OVERVIEW: The first time I made this I had a chunk of salmon skeleton and two full small tilapia skeletons. I boiled all the raw remains with chunks of potatoes. When the fish looked well cooked I fished it out (excused the pun) and threw in other vegetables and herbs. I may have also added fresh or a can of stewed tomatoes. I blended the soup, then picked the cooked skeletons clean and put the meat back in the soup.
DETAILS: This time I was inspired by some inexpensive fish heads at the market. The young man there said I might prefer some salmon heads he had in the back, so I bought two. (He offered to remove the jaw so I wouldn't hurt myself when handling them, but I though that would ruin the picture.) I boiled them with a bay leaf for 15 minutes. Then I drained the soup into a smaller pot and put the heads in the fridge to be picked apart later.
After rinsing my big pot I started boiling potatoes, onions, carrots, parsnip, celery, and 2-3 bay leaves. I lowered the water to a simmer and when the potatoes were getting close to cooked I added half a bunch of dill and a little leftover parsley.
When the potatoes were cooked I fished out as much of the herbs and celery greens as I could find, plus the bay leaves. Then I added a drained can of tomatoes, the fish broth, a little salt, pepper, and a "fish and chicken seasoning" spice mix. Thanks to the hand blender my Mother-in-Law bought me, I blended everything left in the pot.
After I took steps to safely cool the soup (see end of bean soup video), I picked all the meat off the fish heads and added it back to the soup.

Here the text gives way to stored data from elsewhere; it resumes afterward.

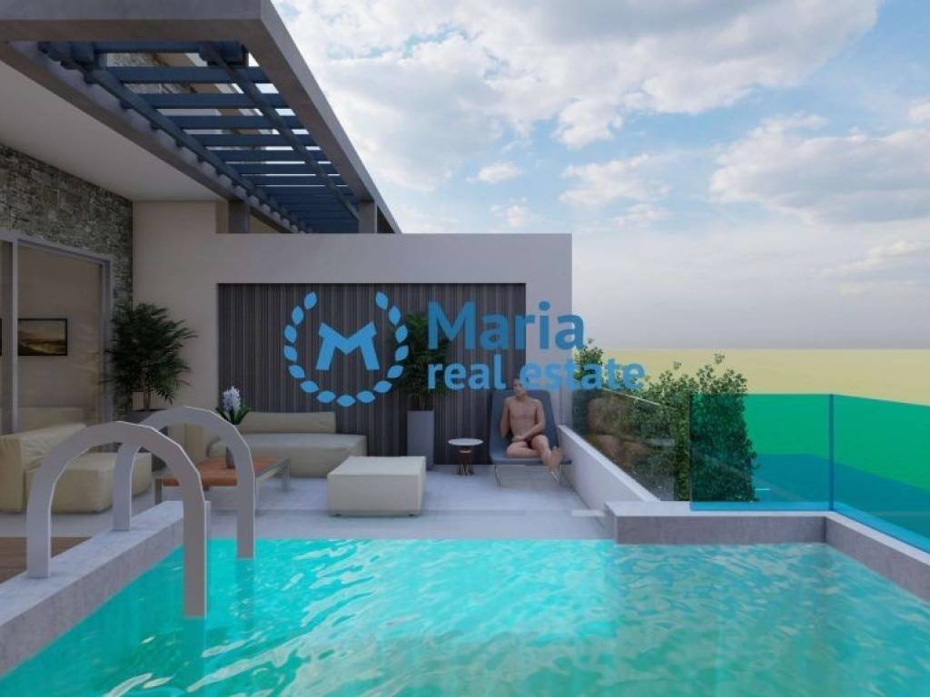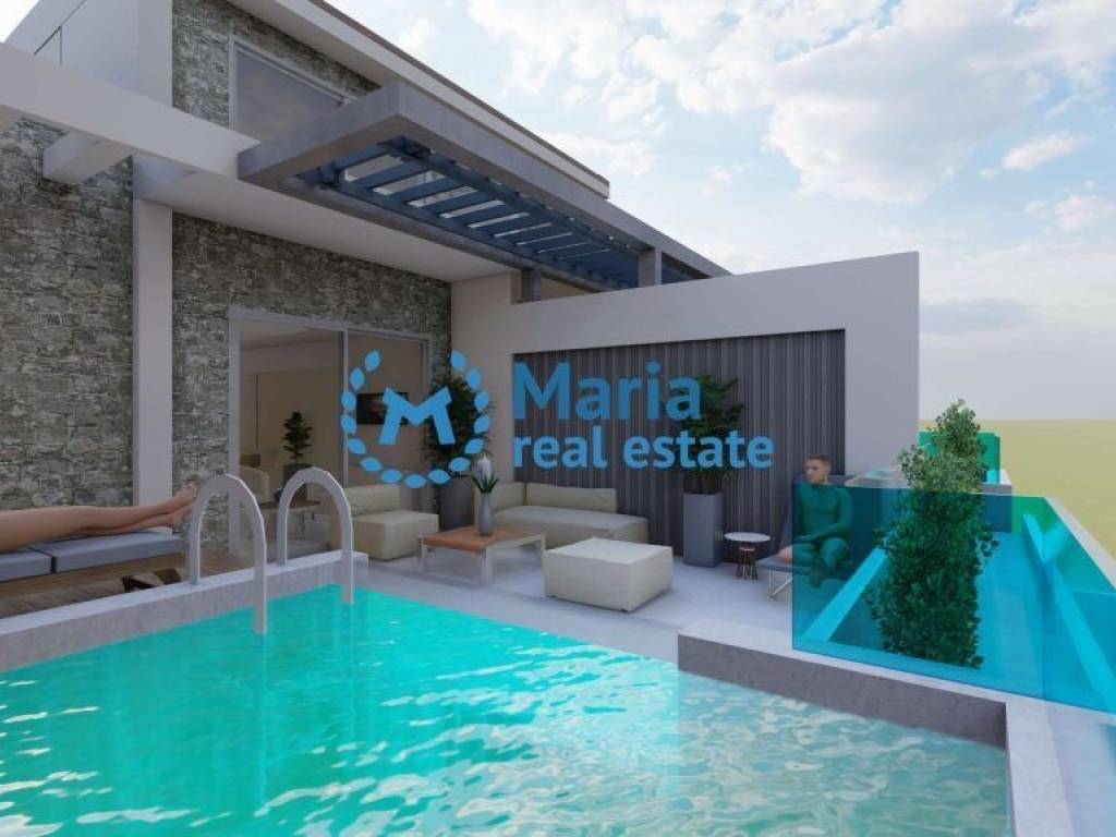 Property code 18142 Seven first floor maisonettes under construction for sale with an area of 65 sq.m. in Asprovalta, Thessaloniki. Each apartment consists of a living room with a kitchen, two bedrooms, a bathroom and a balcony with a private pool. They feature synthetic window frames with nets, a solar water heater, installation for air conditioning, external thermal insulation, a private parking space. They are located 180 meters from the sea. Prices from 265.000 euros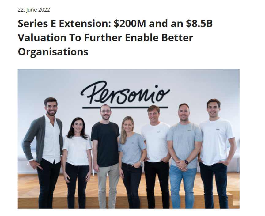 6月26日消息,人力資源智能自動化平臺Personio宣布獲得2億美元E+輪融資,本次由 Greenoaks領(lǐng)投,估值達(dá)到85億美元。而距離上一次E輪2.7億美元融資(2021年10月),僅過去了8個月的時(shí)間,其融資速度之快,金額之大令人驚嘆。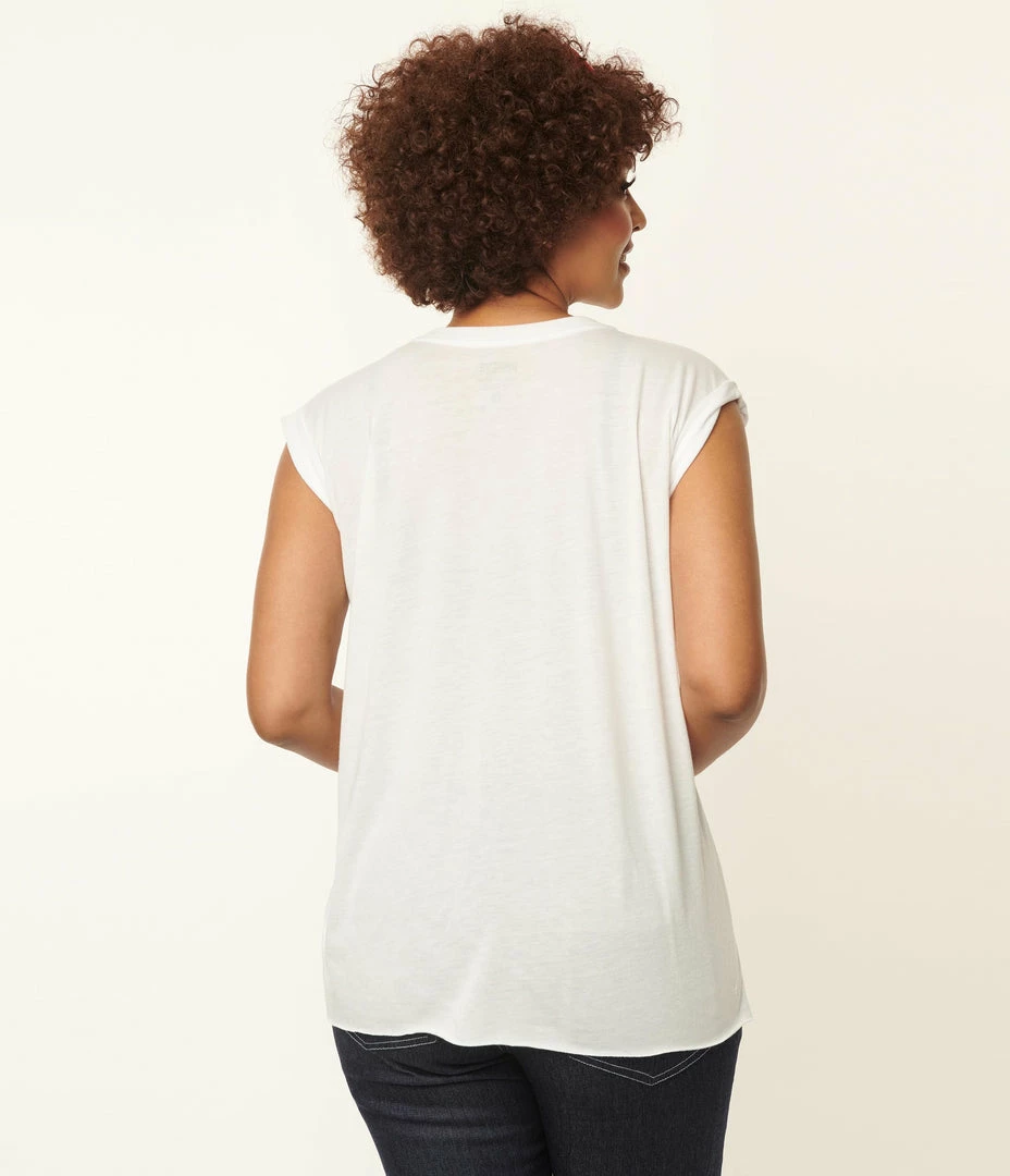 This unisex graphic tee is cast is a soft white cotton knit boasting a print of Olive Oyl giving Popeye a kiss with the font โLove, Loveโ. Complete with crew neck, cap sleeves, and high-low raw edge hemline.

I was surprised that much of the meat inside the salmon head is white. I don't really know my way around a salmon head, but I decided to keep anything that had a consistency between chicken and lobster and toss anything more slimy than that.
I added the meat back into the soup while figuring out what I was going to do with all that soup. It was a lot! It would probably freeze well, but I gave a container to my neighbors, I brought a container to my co-conspirator, Hannah, and her six kids, and I kept a big bowl for my husband and I.
Some things I suggest for next time:
- I think you can cook the veggies right in the fish broth. Then you won't have a lot of extra liquid, and you can add the tomatoes with their juice earlier on.
- Use only the tops of the celery and stems of the dill. There are more noble uses for the rest.
- Up the flavor with some mushrooms, but use less of the other greens, they were a tad over-powering.
- Increase the flavor (but also the prep time) by frying onions, tomatoes, and mushrooms and adding them halfway through the potato cooking.
- Leave something else in the soup chunky besides the salmon, like leeks or mushrooms.
Do you have any ideas for making this soup more tasty, economical or ecological?